Many in the media continue to be fascinated by the angle on the Sotomayor confirmation hearings that Senator Sessions was once not confirmed for a judicial post by the very same committee one which he is now ranking member. It is an interesting angle, but it’s not the only hook into this story.

If things had gone as planned in 1986, the conservative Alabama prosecutor would have been confirmed to a lifetime appointment to a federal judgeship. But allegations of racism cast Sessions as a throwback to the Jim Crow South, and the Senate Judiciary Committee voted down his nomination. Stunned and embarrassed, Sessions returned home to Mobile as a man undone.

Soon he turned to politics, was elected to the Senate and joined the very committee that denied him a seat on the federal bench. He ascended from behind the scenes to the panel’s top Republican spot, and it now falls to him to weigh the GOP’s competing interests and political calculations while guiding the fractured party through the upcoming confirmation hearings of Supreme Court nominee Sonia Sotomayor. Yesterday, the judge went to the Capitol for private meetings with Sessions and other key senators.

I have been a long-time critic of Senator Sessions on any number of issues, but so far, I am very proud of the way he has handled himself in this process. Of course he isn’t just going to let the nomination go forward without any scrutiny, but he has been extremely fair and deferential in his criticism up to this point. I expect vigorous questioning from him in the hearings, but nothing nasty or grossly unfair. I hope he doesn’t disappoint me.

Sessions, GOP’s Lead on Panel Weighing Sotomayor, Was Once Rejected for Bench – washingtonpost.com.

I believe Senator Sessions

I believe Senator Sessions when he says he wants the Supreme Court nominee hearings to be fair, and I will look forward to seeing that carried out. I believe he remembers well what happened to him as a judicial nominee and doesn’t want to see what he viewed as unfair treatment given to anyone else.

“I really didn’t feel like that was a fair process and that I had the kind of opportunity to get my message out effectively. And sometimes it’s a gotcha thing. It has been for others, not just me, in which the explanation is sort of buried,” Sessions said in a recent interview. “We shouldn’t do that.”

He’s absolutely right…let’s hope the hearings stay on a higher plane.

via Alabama Senator Jeff Sessions vows fair hearing for Supreme Court nominee – Breaking News from The Birmingham News – al.com.

How Sessions May Bring Fireworks to Supreme Court Nomination

TIME Magazine has a piece today on how Sen. Sessions has some incentive to bring fireworks to the nomination process of the next Supreme Court nominee…
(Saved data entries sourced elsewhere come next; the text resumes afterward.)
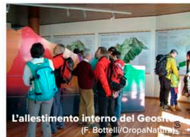
L'allestimento interno del Geosito
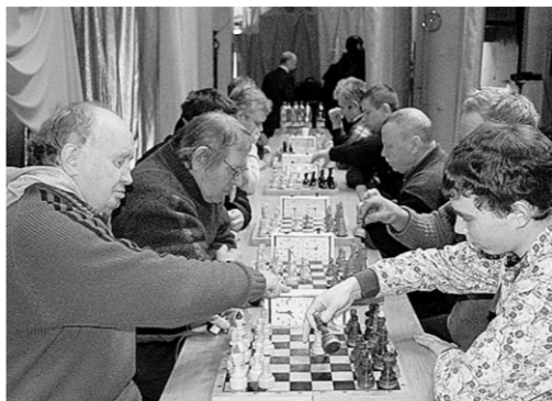
и призеры от политической партии «Справедливая Россия» получили кубки, медали, грамоты и денежные призы.
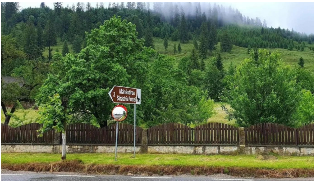
Hotelul manastirii putna arhondaricul visarion puiu aproape de mine
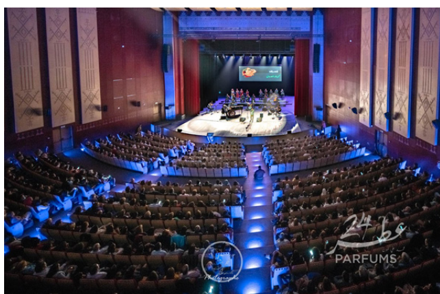
THEATRE DE L'OPERA TUNIS, 2019
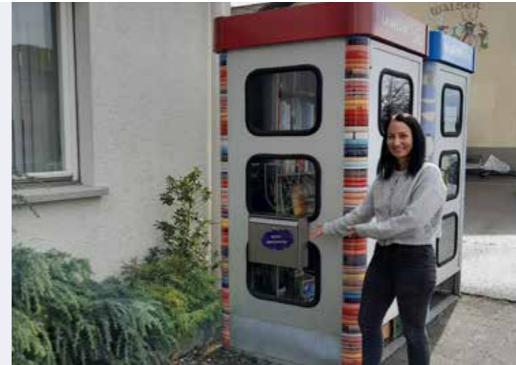
Der Ideenbriefkasten wartet auf eure Ideen und Anregungen.

Der Ideenbriefkasten der Gemeinde wartet auf eure Ideen, Wünsche und Anregungen.
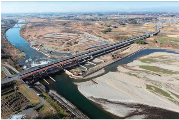
(c) 上流側から 6/8 (2010年11月30日)
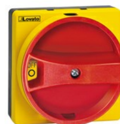
Pokrętła do rozłączników izolacyjnych GAX6
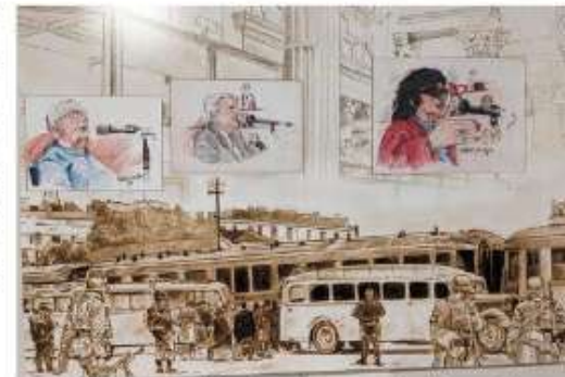
Ces dessins sont visibles jusqu'au 14 octobre à la mairie. Dessins Jean-Claude Bauer

Jusqu'au 14 octobre, atrium de l'hôtel de ville. Aux heures d'ouverture de la mairie.
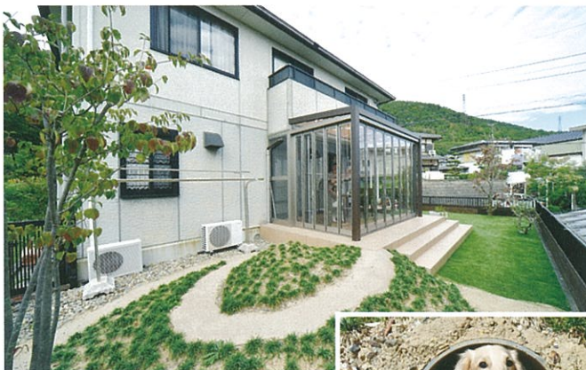
盛り土のゾーンには、穴に入るのが好きな愛犬の習性を考えてトンネルもプラス
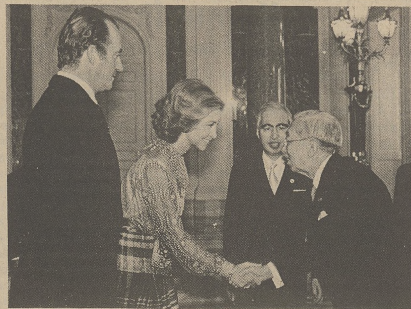
TOKIO. — Bawiąca z wizytą w Japonii hiszpańska para królewska przyjęta została przez cesarza Hirohito.

Tymczasem w mieście nadal obowiązuje "godzina policyjna" dla dzieci, trwają intensywne poszukiwania czterech porwanych i dotychczas nie odnalezionych ofiar tajemniczego zbrodniarza.
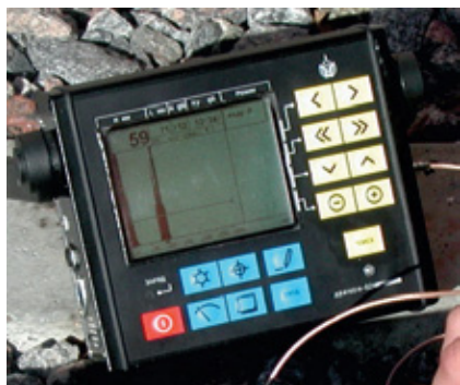
Представление сигналов: А- и В- развертки, "Огибающая", "Стоп-кадр"

Идеальный дефектоскоп для контроля отдельных сечений рельсов в пути, контроля металлоизделий и сварных соединений в полевых и стационарных условиях
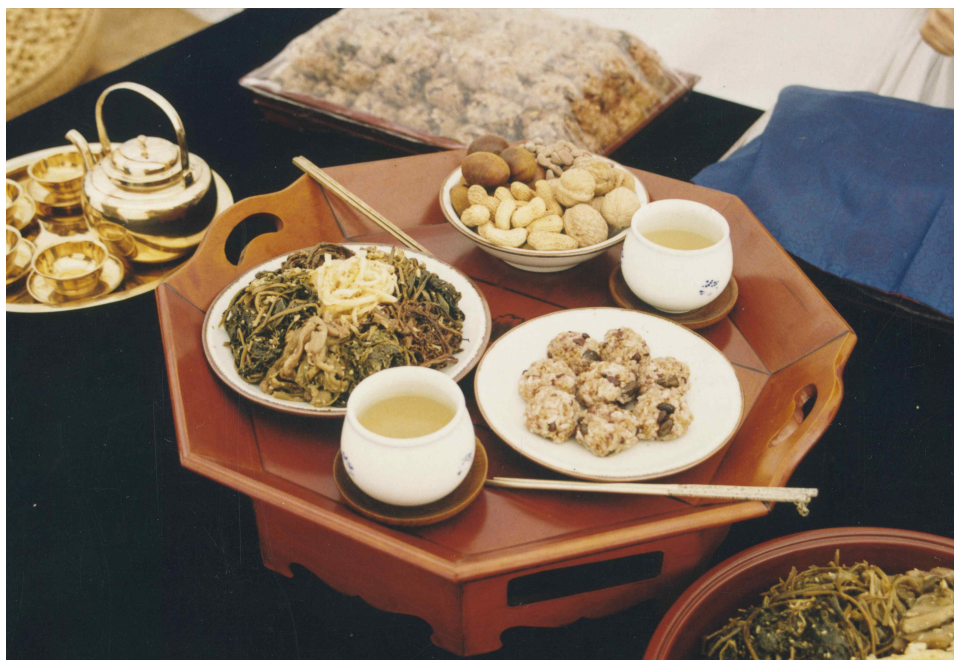
<정월대보름 오곡밥과 부럼 상차림>

Twenty-three years ago the same committee he now leads on the Republican side rejected Sessions’s; nomination to the federal bench. President Ronald Reagan had already had more than 200 conservative judges confirmed when he nominated Sessions, then the young U.S. Attorney for the Southern District of Alabama, to the U.S. District Court in Alabama. At his confirmation hearing Democrats tracked down a Justice Department employee named J. Gerald Hebert who had worked with Sessions on civil rights cases. Hebert told the committee that Sessions had once complained to him that the American Civil Liberties Union and the National Association for the Advancement of Colored People were “un-American”; were “communist-inspired” and, worse, “forced civil rights down the throats of the people.” Sessions didn’t help matters by trying to make the case that in some circumstances those organizations could indeed be seen as un-American, and the Republican-controlled committee voted 8-10 against him. The deciding vote was cast by Alabama Senator Howell Heflin, whose seat both in the Senate and on the committee Sessions would take a decade later.

Good times…good times…

via How Sessions Could Give Obama a Tough Supreme Court Nomination Fight – TIME.